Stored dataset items

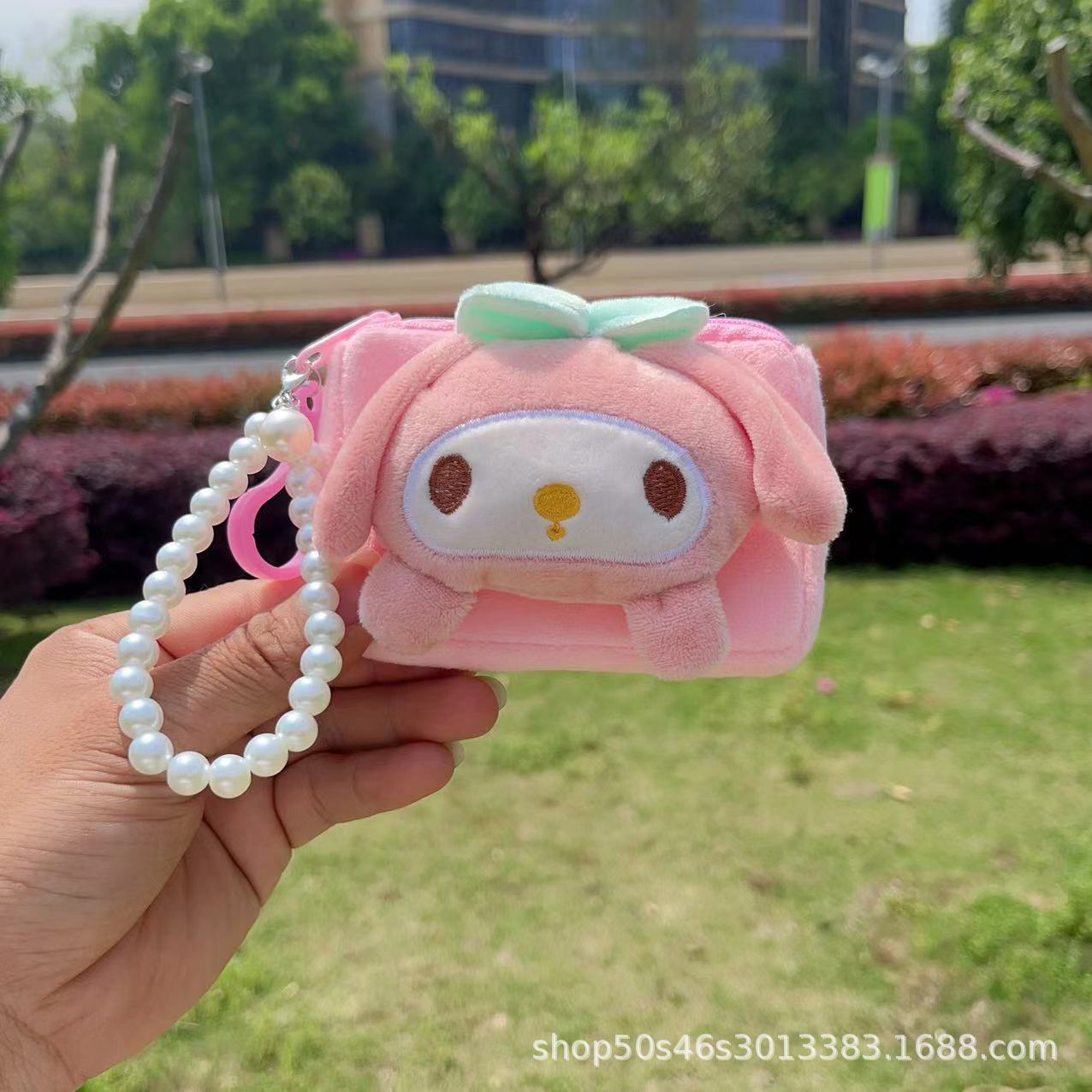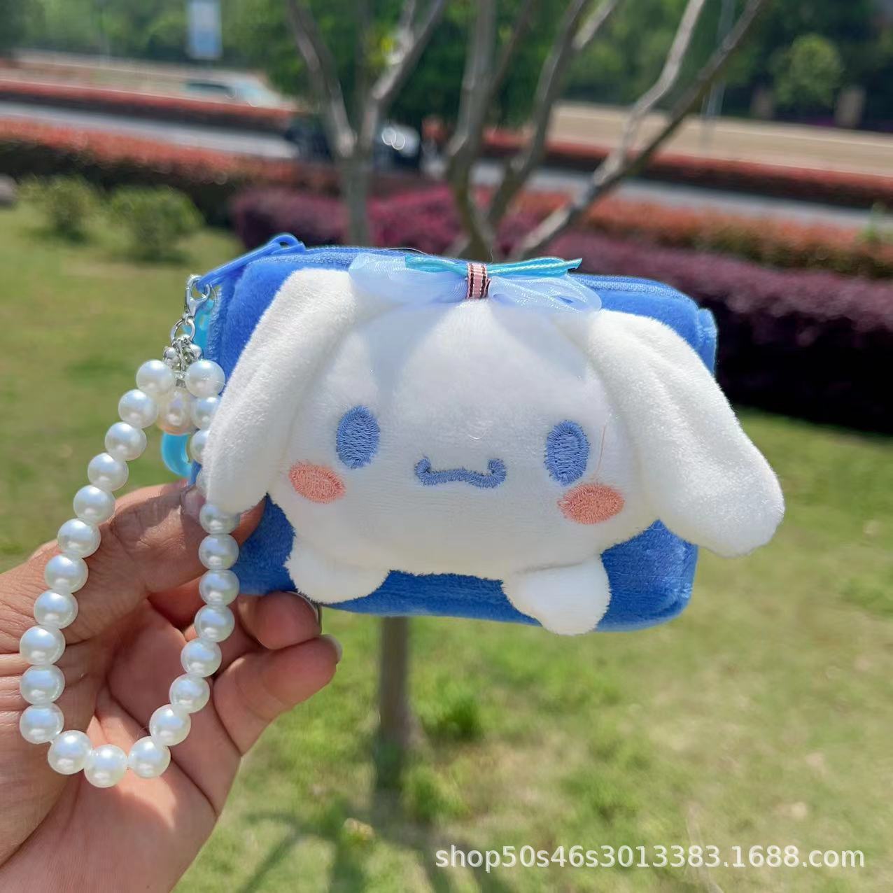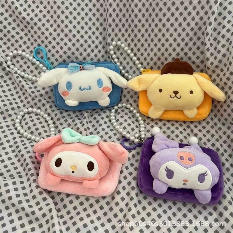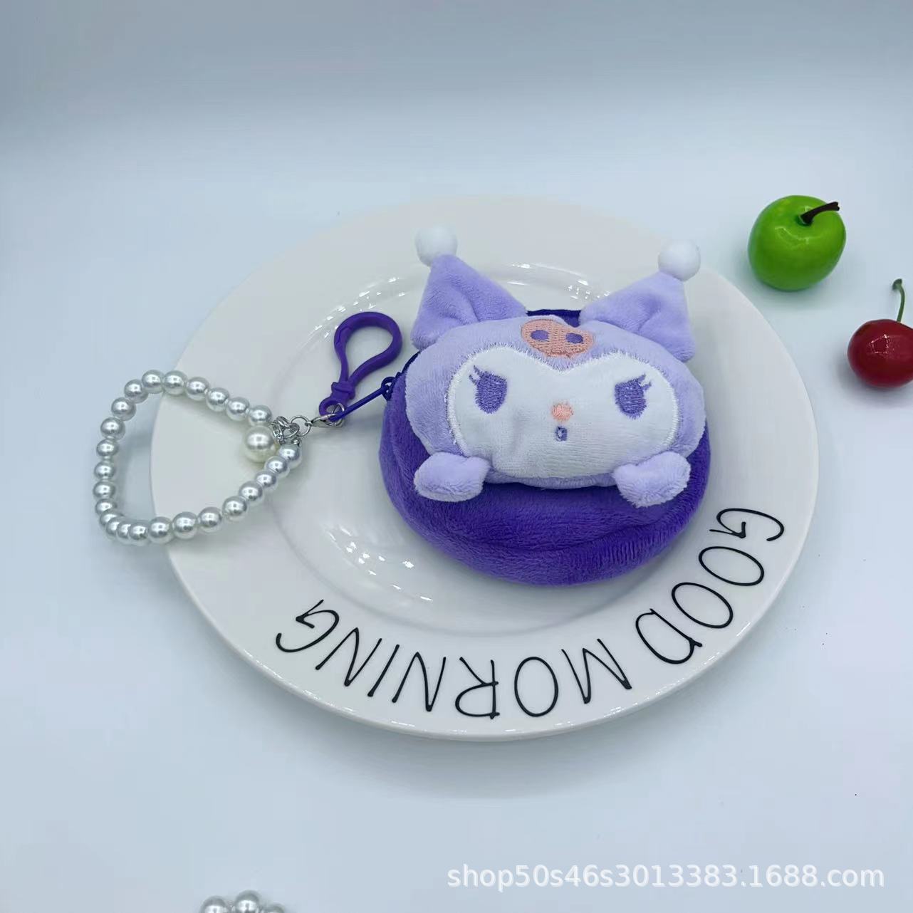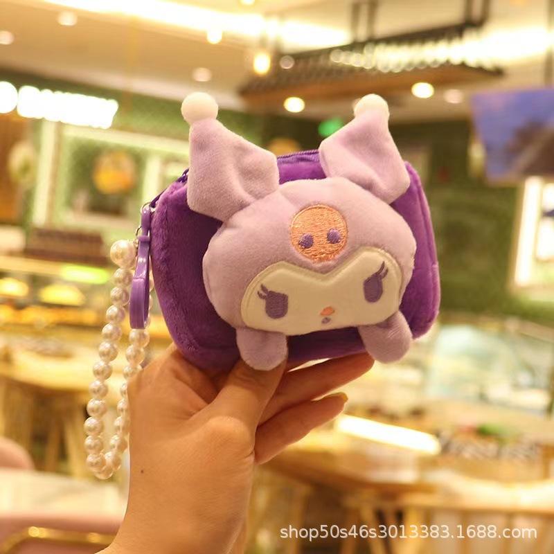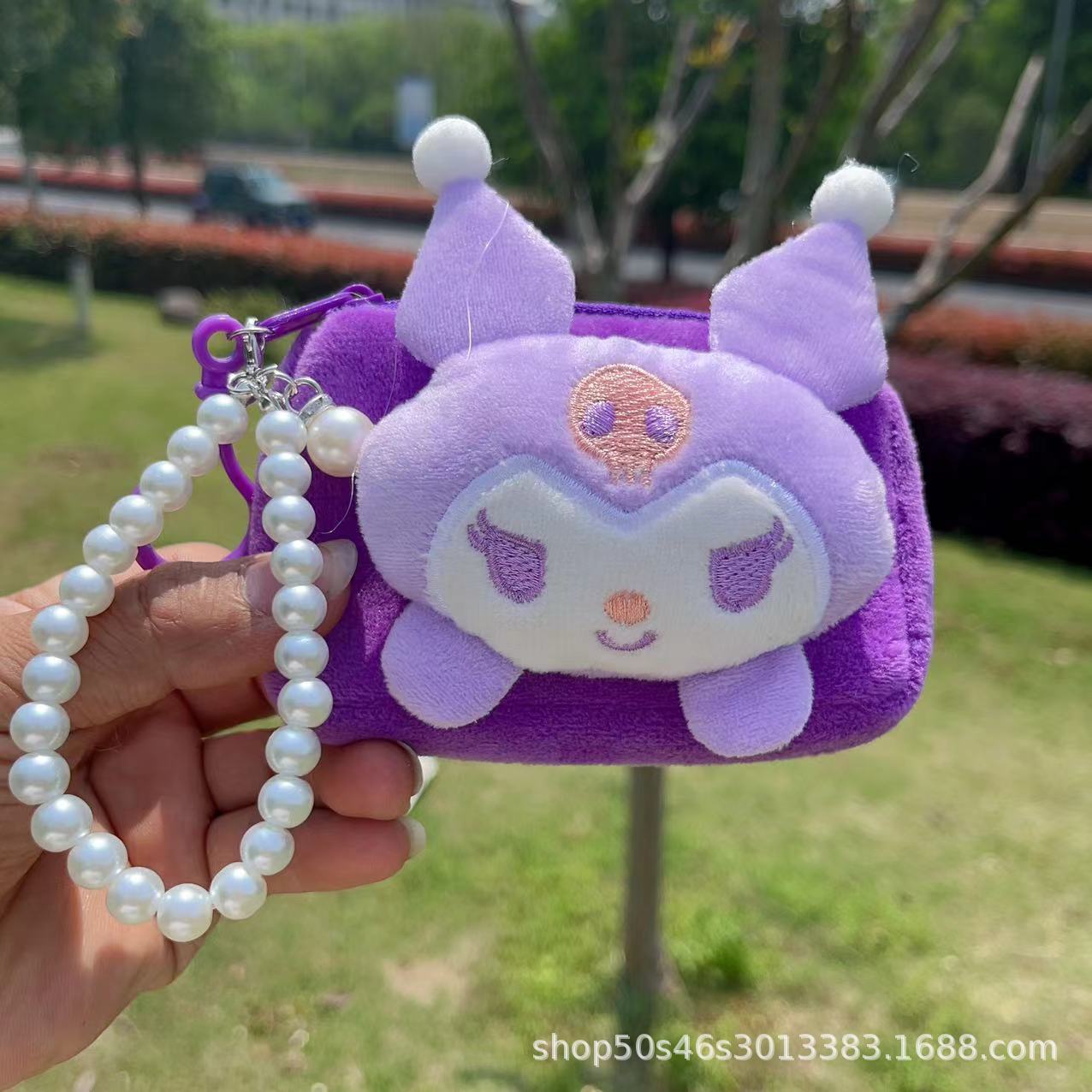 Sanrio ins 동전 지갑 쿠로미 플러시 가방 펜던트 카드 가방 진주 끈 여성용 작은 지갑 동전 가방
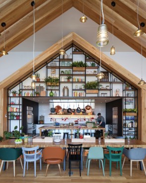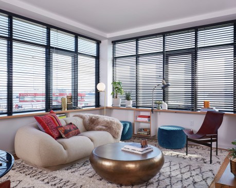 The project isn’t short on amenities that make the development feel like an all-encompassing neighborhood. In addition to the public outdoor spaces, URBY has a bodega, a communal kitchen with flex spaces for cooking classes, an entrance café and coffee shop, a two-story fitness center, a pool, and an urban farm above the parking garage. The site is adjacent to the Staten Island Railroad Station and a four-minute subway ride to the Staten Island Ferry.
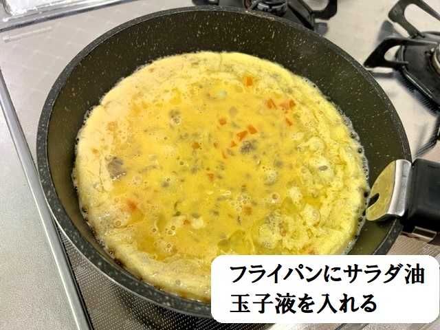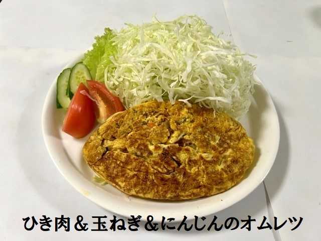 『ひき肉&玉ねぎ&にんじんのオムレツ』
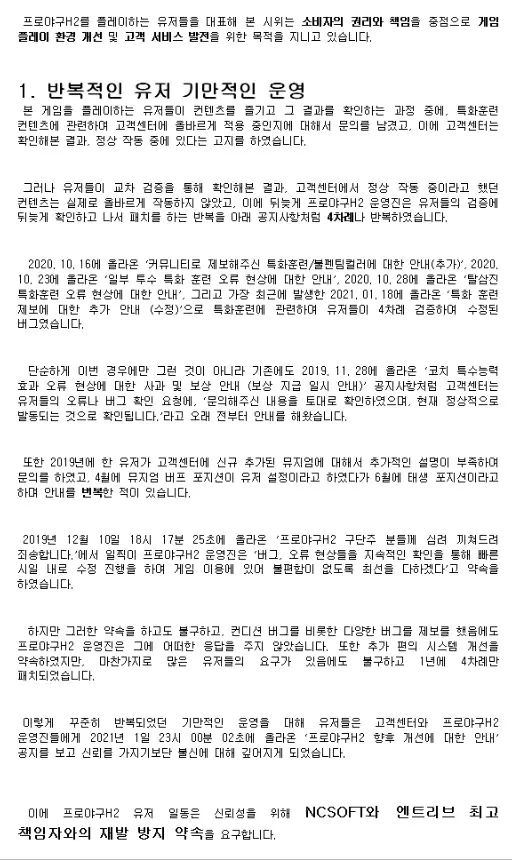 H2는 잦은버그와 선수단확장 위시리스트확장등 손쉬운 유저편의성패치도 안하며
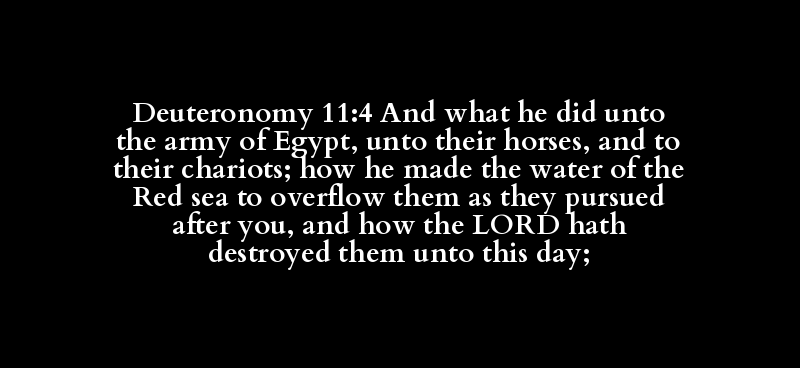 Deuteronomy 11:4 And what he did unto the army of Egypt, unto their horses, and to their chariots; how he made the water of the Red sea to overflow them as they pursued after you, and how the LORD hath destroyed them unto this day;

ASSIGNED TASK:
Repeat the lines above precisely and skip every picture.

SOLVED EXERCISE:
 Sanrio ins 동전 지갑 쿠로미 플러시 가방 펜던트 카드 가방 진주 끈 여성용 작은 지갑 동전 가방
 The project isn’t short on amenities that make the development feel like an all-encompassing neighborhood. In addition to the public outdoor spaces, URBY has a bodega, a communal kitchen with flex spaces for cooking classes, an entrance café and coffee shop, a two-story fitness center, a pool, and an urban farm above the parking garage. The site is adjacent to the Staten Island Railroad Station and a four-minute subway ride to the Staten Island Ferry.
 『ひき肉&玉ねぎ&にんじんのオムレツ』
 H2는 잦은버그와 선수단확장 위시리스트확장등 손쉬운 유저편의성패치도 안하며
 Deuteronomy 11:4 And what he did unto the army of Egypt, unto their horses, and to their chariots; how he made the water of the Red sea to overflow them as they pursued after you, and how the LORD hath destroyed them unto this day;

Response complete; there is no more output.